*** Begin section ***

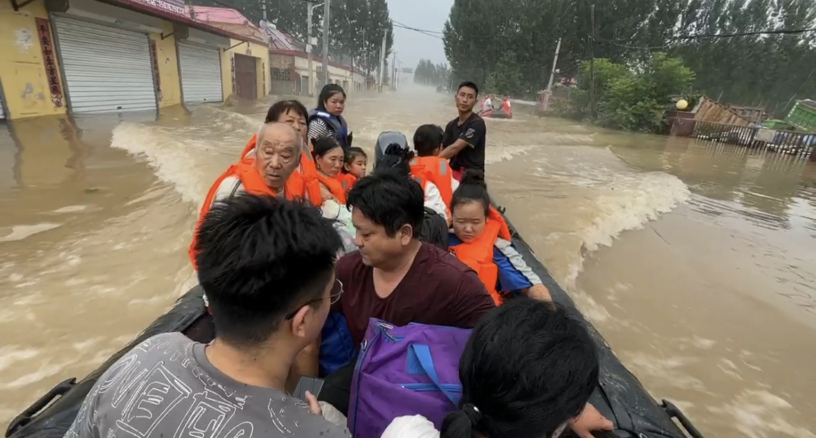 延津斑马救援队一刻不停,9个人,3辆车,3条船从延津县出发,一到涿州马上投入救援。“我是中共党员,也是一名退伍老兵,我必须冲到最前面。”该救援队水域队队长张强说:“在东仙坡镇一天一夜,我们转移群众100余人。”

*** End section ***
*** Begin section ***

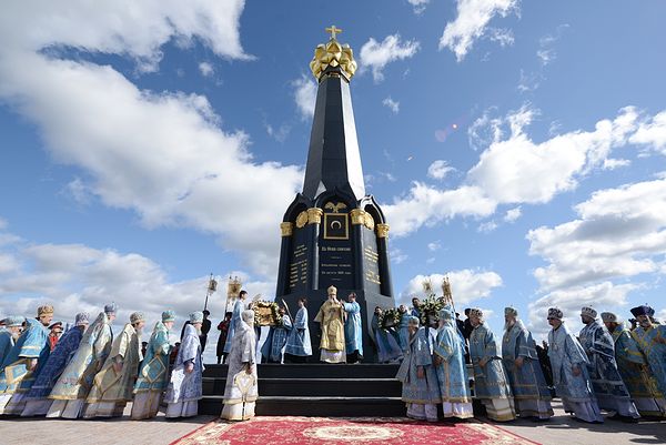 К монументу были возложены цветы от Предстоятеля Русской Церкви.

*** End section ***
*** Begin section ***

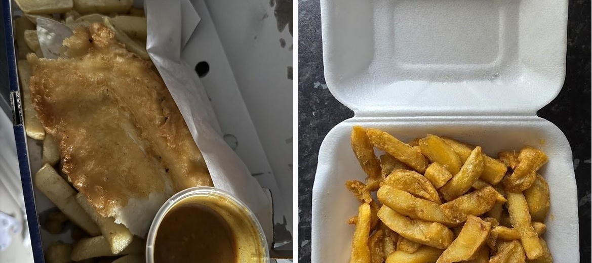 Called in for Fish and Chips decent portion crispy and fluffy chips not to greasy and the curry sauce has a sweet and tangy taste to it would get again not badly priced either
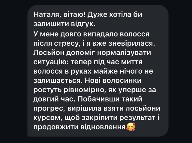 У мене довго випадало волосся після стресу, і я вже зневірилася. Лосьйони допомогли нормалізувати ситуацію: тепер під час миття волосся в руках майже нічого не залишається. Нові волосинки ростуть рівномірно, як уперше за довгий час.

*** End section ***

§ Brief
The answer is the lines of the material above, from the one containing "Called in for" down to the one containing "У мене довго", given exactly and without images.

§ Worked solution
 Called in for Fish and Chips decent portion crispy and fluffy chips not to greasy and the curry sauce has a sweet and tangy taste to it would get again not badly priced either
 У мене довго випадало волосся після стресу, і я вже зневірилася. Лосьйони допомогли нормалізувати ситуацію: тепер під час миття волосся в руках майже нічого не залишається. Нові волосинки ростуть рівномірно, як уперше за довгий час.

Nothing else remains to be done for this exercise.